SASKATOON -- Lorraine McSween thought someone had thrown a rock through her triple-paned bedroom window. It turns out it was her new fence, which had been blown three metres into the air by a powerful storm that wreaked havoc on northwestern Saskatchewan early Sunday.

"I got up and ran into the living room and told my husband that someone broke our window," McSween said Sunday, still in awe from what happened. "But two eight-foot panels from our fence, which were cemented in, broke off like twigs, and one came flying into our bedroom window."

McSween, 49, woke up around 1:30 a.m Sunday to shattered glass all over her husband's side of the bed, a small hole in the stucco on the side of their home, her steel dog run bent and twisted and several sections of the fence uprooted and blown across their yard.
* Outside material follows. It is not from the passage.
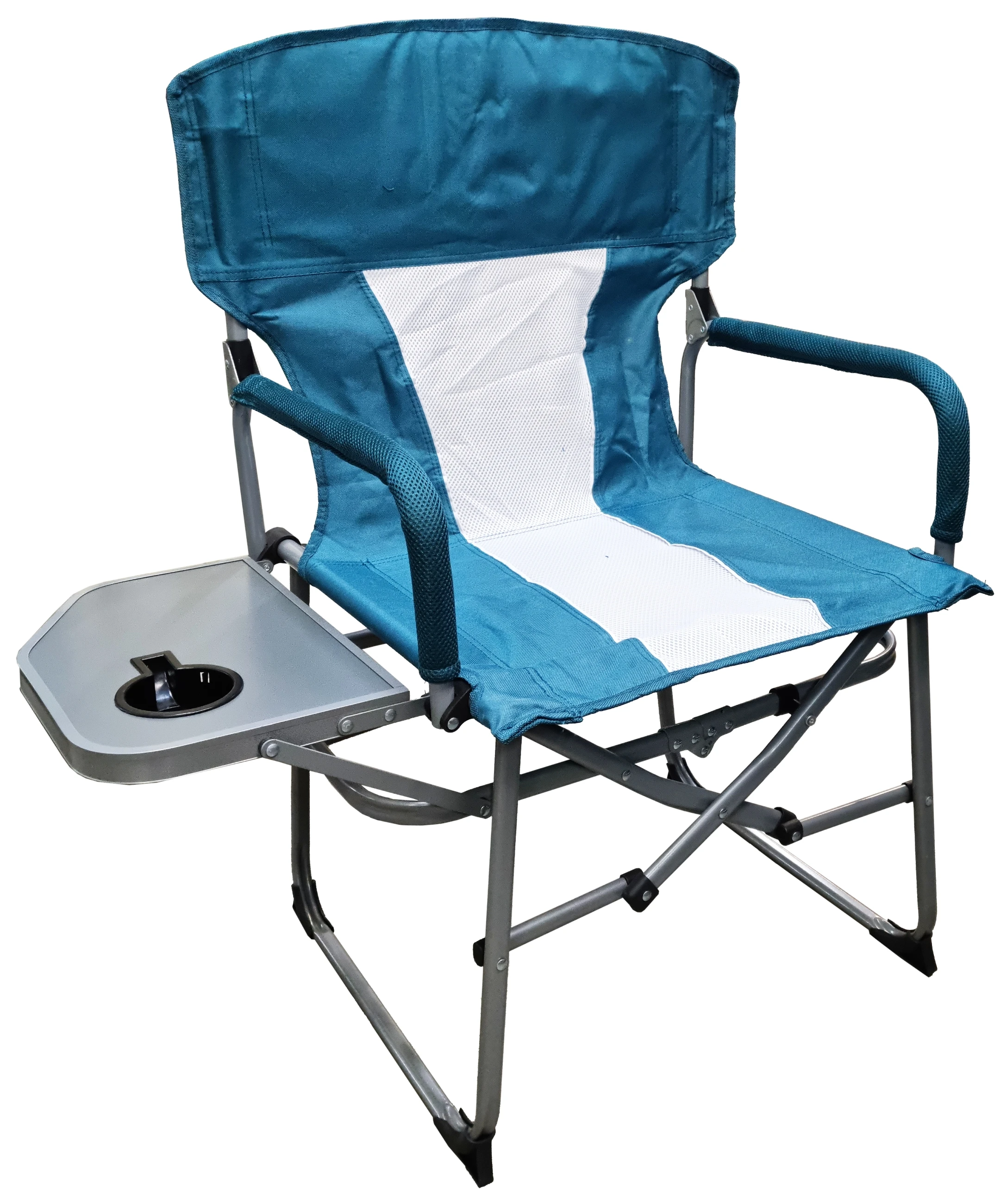 Saliekams kempinga krēsls ar iebūvētu galdiņu, krūzes turētāju un roku balstiem. Sēdvieta izgatavota no poliestera, rāmis no metāla. Krēsla platums 52.5 cm, augstums 92.5 cm.

McSween's home and several other homes in Warman were the victims of a powerful thunderstorm that ripped through the province after just midnight Saturday, leaving behind a trail of damage from just outside Saskatoon all the way to the Spiritwood area, 175 kilometres northwest of the city.

Environment Canada said a powerful downdraft -- a sudden descent of cool air to the ground -- created winds of up to 110 km/h, ripped roofs off of homes, sent golf carts through the air and uprooted and bent trees in some parts of the province. They had several reports of high plow winds and funnel clouds.

"A tornado is a sexier event, but straight-line winds like this can cause quite a bit of damage," said David Wray, a meteorologist with Environment Canada. "It's almost not important if it's a tornado or a straight line wind event like this -- either one can cause lots of damage."

In the Spiritwood area, there were heavy rains, powerful winds, strong lightning and power outages of up to 12 hours reported.